Acerca do capitalismo monopolista transnacional

Vaz de Carvalho - 15 Xan 2016

O capitalismo monopolista transnacional (CMT) procura criar a ilusão de uma economia mais produtiva, permitindo mais empregos, maiores níveis de desenvolvimento e correção das ineficiências de cada país. Na realidade, resultou num descontrolado aumento das desigualdades e em intermináveis crises

1 – Do CME ao CMT

 No início dos anos 70 o capitalismo monopolista de Estado (CME) evidenciava os limites do capitalismo perante o agudizar das suas contradições. Para as superar, bem como à crise que se instalava, restavam duas vias: a progressista de transição para o socialismo, a reacionária neoliberal e imperialista.

 Em "A catástrofe iminente e os meios de a conjurar", Lenine escrevera: "O capitalismo monopolista de Estado é a mais completa preparação para o socialismo, a antecâmara do socialismo, o degrau histórico que nenhum outro degrau intermédio separa daquele a que se chama socialismo".

 Os partidos socialistas/social-democratas renegando os seus próprios programas em que preconizavam atingir o socialismo pele via reformista, seguiram a sua verdadeira agenda: defender o sistema capitalista e a aliança com o imperialismo, acabando assim por assegurar o domínio do neoliberalismo.

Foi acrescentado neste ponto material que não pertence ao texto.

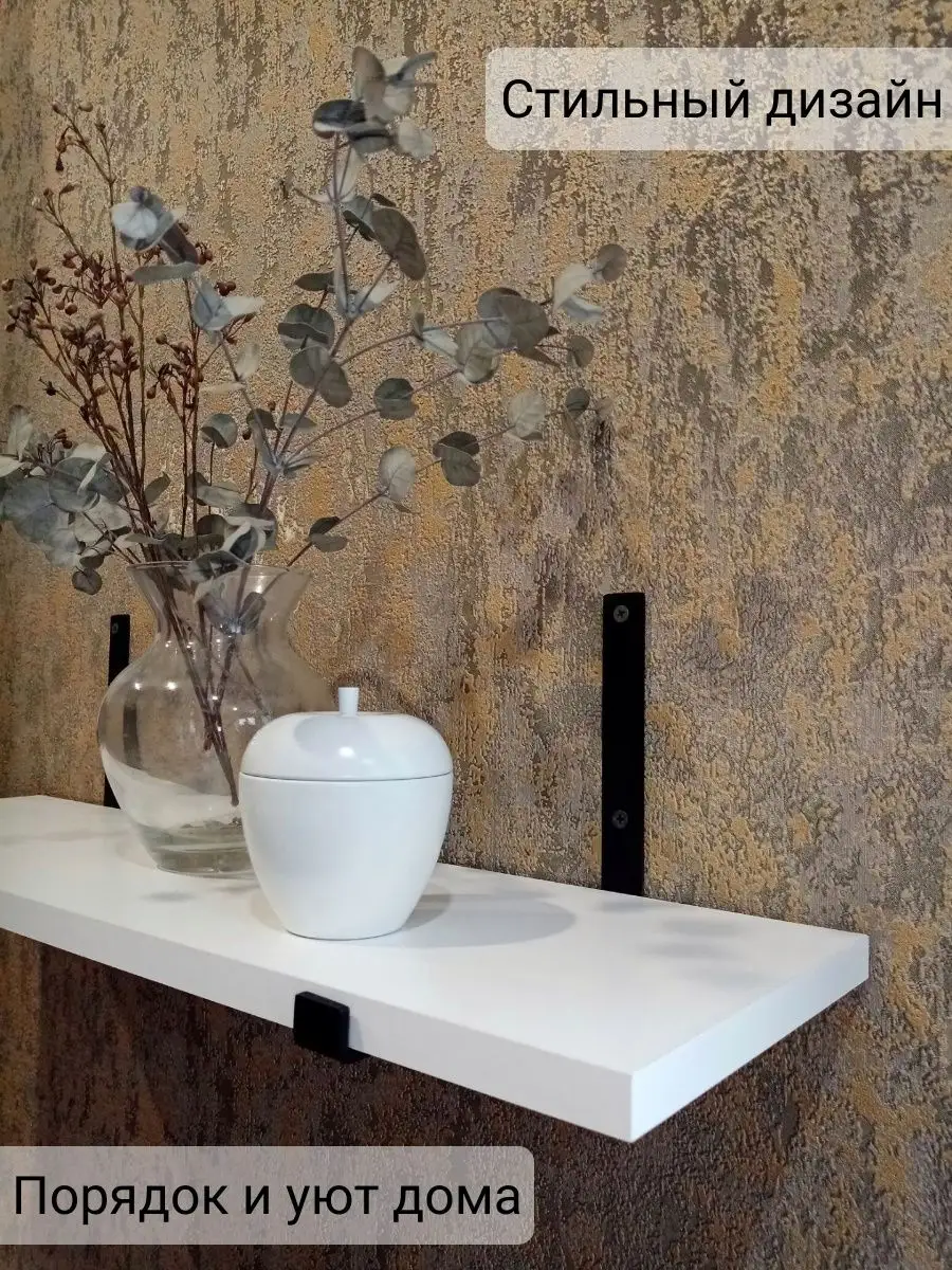 Компактные настенные полки на металлических кронштейнах станут стильным дополнением к пространству любого помещения.

 O grande capital encontrara no ultraliberalismo da "escola de Chicago" a justificação teórica para a sua ofensiva contra o CME keynesiano, forçando a instauração de um capitalismo monopolista transnacional (CMT).

 Em dezembro de 1970 a Business Week postulava: "Sem um governo mundial não pode haver verdadeira economia mundial", salientando que "doravante o Estado encontra-se apoiado de modo periclitante entre o seu quadro nacional e o internacional". [1]

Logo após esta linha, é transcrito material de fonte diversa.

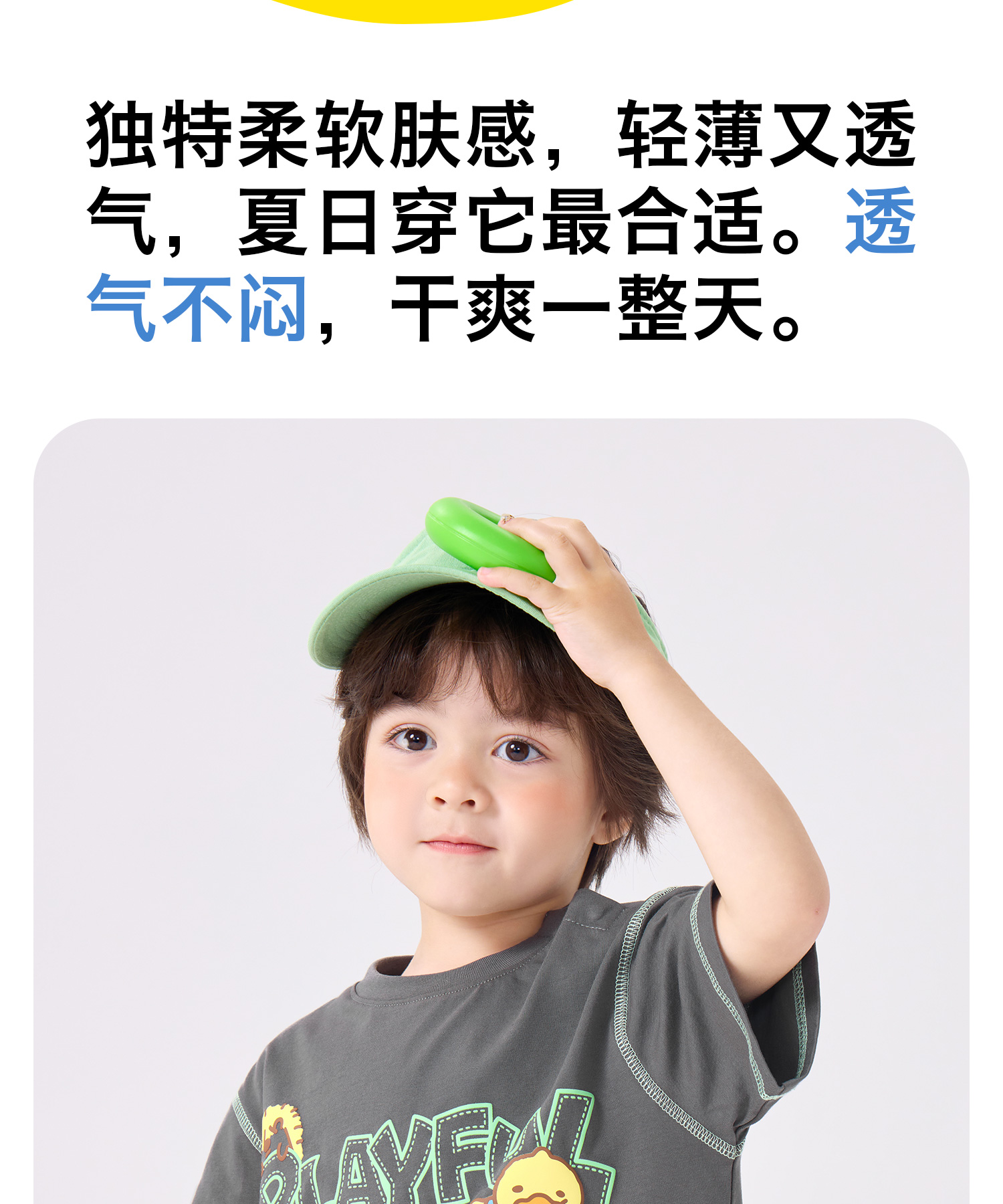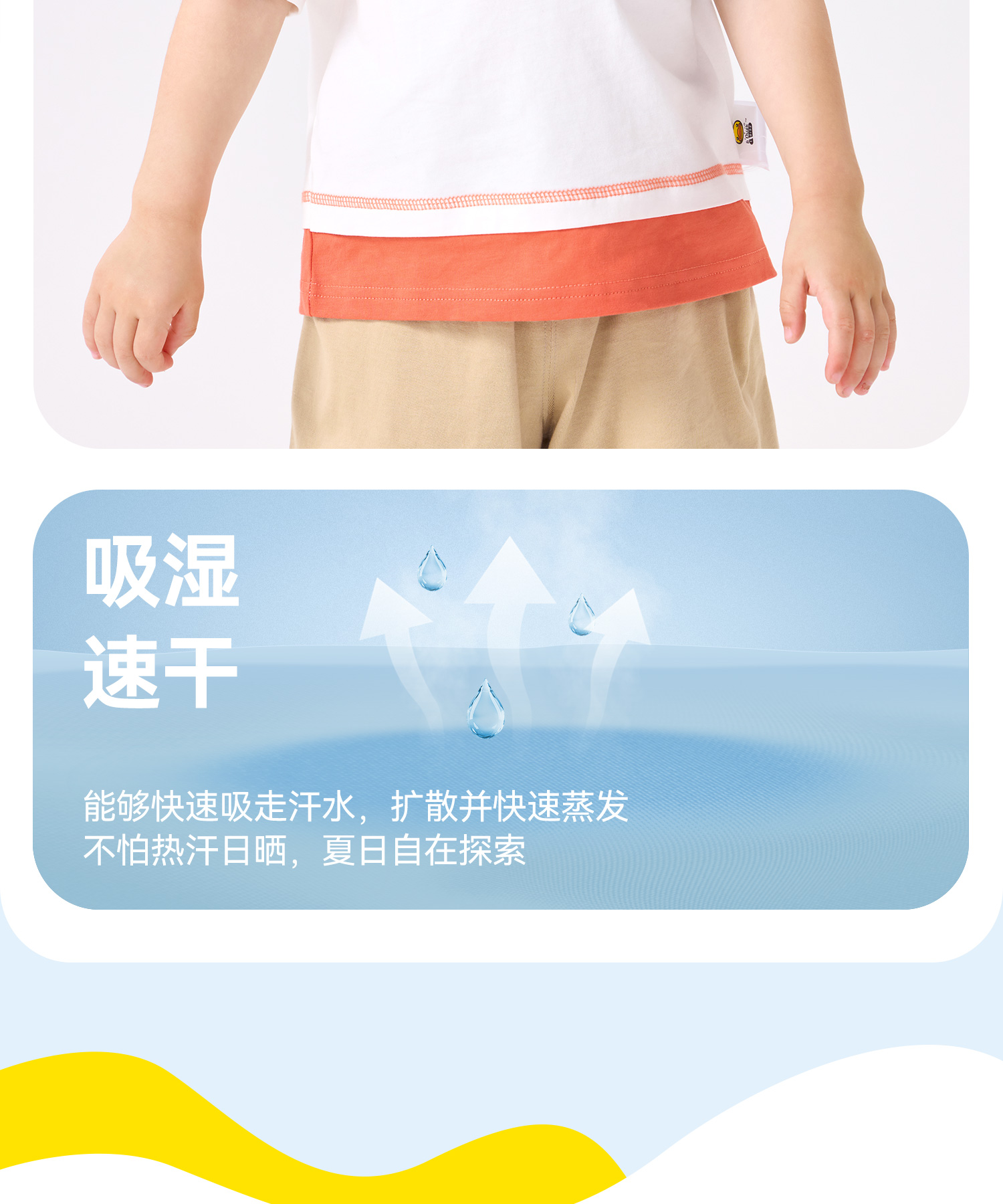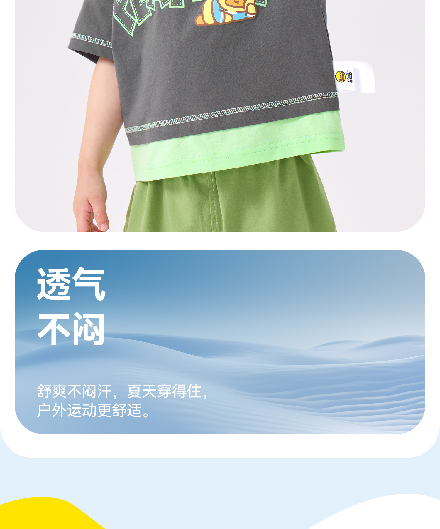 [冰感速干]bduck小黄鸭童装男童短袖T恤速干衣宝宝凉感儿童夏装薄90-140 BF2701036

 A social-democracia aceitou como boas as teses neoliberais (não podemos ignorar os interesses pessoais e materiais envolvidos nestas opções), convencendo-se, ou apenas tentando convencer os demais, que manteria a mesma relação de forças capital-trabalho, que os trabalhadores partilhariam dos aumentos de produtividade e da exploração dos outros povos.

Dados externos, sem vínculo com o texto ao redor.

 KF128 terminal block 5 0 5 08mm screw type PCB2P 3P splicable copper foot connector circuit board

 No fundo, aceitavam a tese do "gotejamento", pela qual o grande capital iria enriquecer ainda mais. Tudo isto, disfarçado com o culto do "mercado", apresentando-o de forma mecanicista em que as ações humanas perdem conteúdo social e se resumem à hipotética racionalidade e predeterminação do homo economicus.

 Uma intensa propaganda pretende que o Estado seja gerido como o comum das famílias, portanto retirando-lhe as funções próprias à sua soberania. O Estado submeter-se-ia totalmente à voracidade do capital transnacional, perdendo inclusive o papel que a social-democracia lhe reservava como protagonista na conciliação de classes a favor do capital. A conciliação passou a submissão e o protagonismo pertence ao grande capital financeiro.

 As privatizações fazem parte do processo de desmantelamento do CME, sendo desde logo ou posteriormente absorvidas pelos grandes grupos transnacionais. As regras da UE e a sua "união bancária" visam em absoluto este objetivo.

 A UE é exemplo da ilusão de criar um sistema capitalista, neste caso transnacional, esvaziado de contradições, perfeitamente racional e solidário. Assim, enquanto os preâmbulos dos tratados e principais diretivas apontam para mais emprego, aumento de riqueza dos cidadãos, solidariedade, crescimento intensivo, a sua prática apenas defende "ûber alles" os interesses dos grandes grupos transnacionais.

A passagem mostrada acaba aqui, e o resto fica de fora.